Location
- 2121 Bethel Rd. Weatherford, Texas 76087 United States
- Coordinates: 32°43′30″N 97°48′23″W﻿ / ﻿32.72505°N 97.80629°W

Information
- School type: Public High School
- Motto: Your Child: Our Mission
- School district: Weatherford Independent
- Principal: Tommaney
- Teaching staff: 168.93 (FTE)
- Grades: 10-12
- Enrollment: 2,487 (2023-2024)
- Student to teacher ratio: 14.72
- Colors: Blue & White
- Athletics conference: UIL Class AAAAAA
- Mascot: Kangaroo
- Yearbook: Melon Vine
- Website: Weatherford High School

= Weatherford High School (Texas) =

Weatherford High School is a public high school located in Weatherford, Texas, United States.

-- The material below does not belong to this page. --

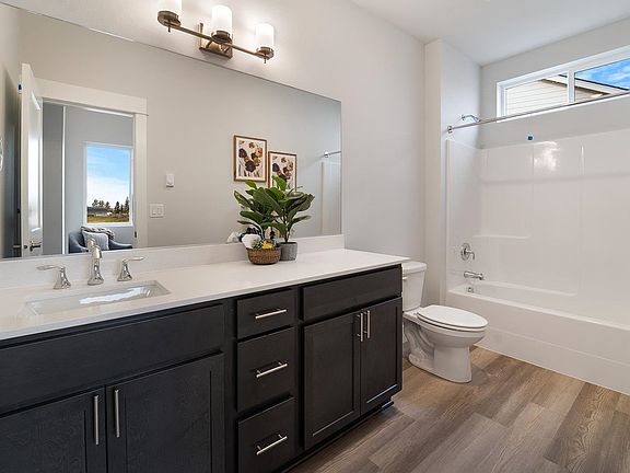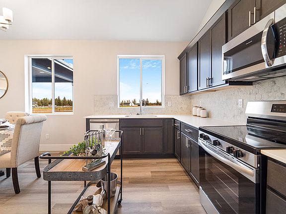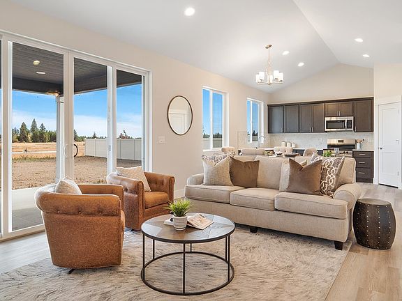 Experience modern living in the Stockton by Azure Northwest Homes, where contemporary elegance meets thoughtful design. This 3-bedroom, 2-bathroom home exudes comfort and style. Step into the open-plan living area, featuring an electric fireplace and a double slider leading to a covered back patio—perfect for entertaining or relaxing. Vaulted ceilings and oversized windows flood the great room with natural light, creating a bright and inviting atmosphere. The kitchen is a chef's dream with 42" upper cabinets, hard surface countertops, stainless steel appliances, and a practical pantry. The bathrooms boast tiled showers and double sinks, offering a touch of luxury. A can light package adds a modern glow throughout the home. Outside, a professionally landscaped front yard enhances the home's curb appeal. The three-car garage provides plenty of parking and storage space. The Stockton perfectly blends sophistication and functionality, elevating your lifestyle to a new level.

It is part of the Weatherford Independent School District located in central Parker County and classified as a 6A school by the University Interscholastic League (UIL). In 2015, the school was rated "Met Standard" by the Texas Education Agency.

==Athletics==
The Weatherford Kangaroos compete in these sports -

Cross Country, Volleyball, Football, Basketball, Wrestling, Powerlifting, Soccer, Golf, Tennis, Track, Softball, and Baseball.

===State Titles===
- Softball
  - 2000(4A)

====State Finalists====
- Baseball
  - 1982(4A)
- Softball
  - 1999(4A)

==Notable alumni==
- Buck Britton - MLB coach
- Zach Britton – MLB pitcher
- Beau Burrows – pitcher in the Detroit Tigers organization
- Blair Cherry – baseball and football coach at University of Texas-Austin
- Hank Gremminger – NFL defensive back (1956–66)
- Larry Hagman – film and television actor, best known for starring in TV series Dallas and I Dream of Jeannie
- Hayden Hansen - college football tight end for the Florida Gators
- Colt Hynes – MLB pitcher
- Kapron Lewis-Moore - NFL defensive end
- Ray Schoenke – NFL player and entrepreneur
- Brina Palencia – actress and voice actress
- Drew Springer – Texas Senator, 30th district.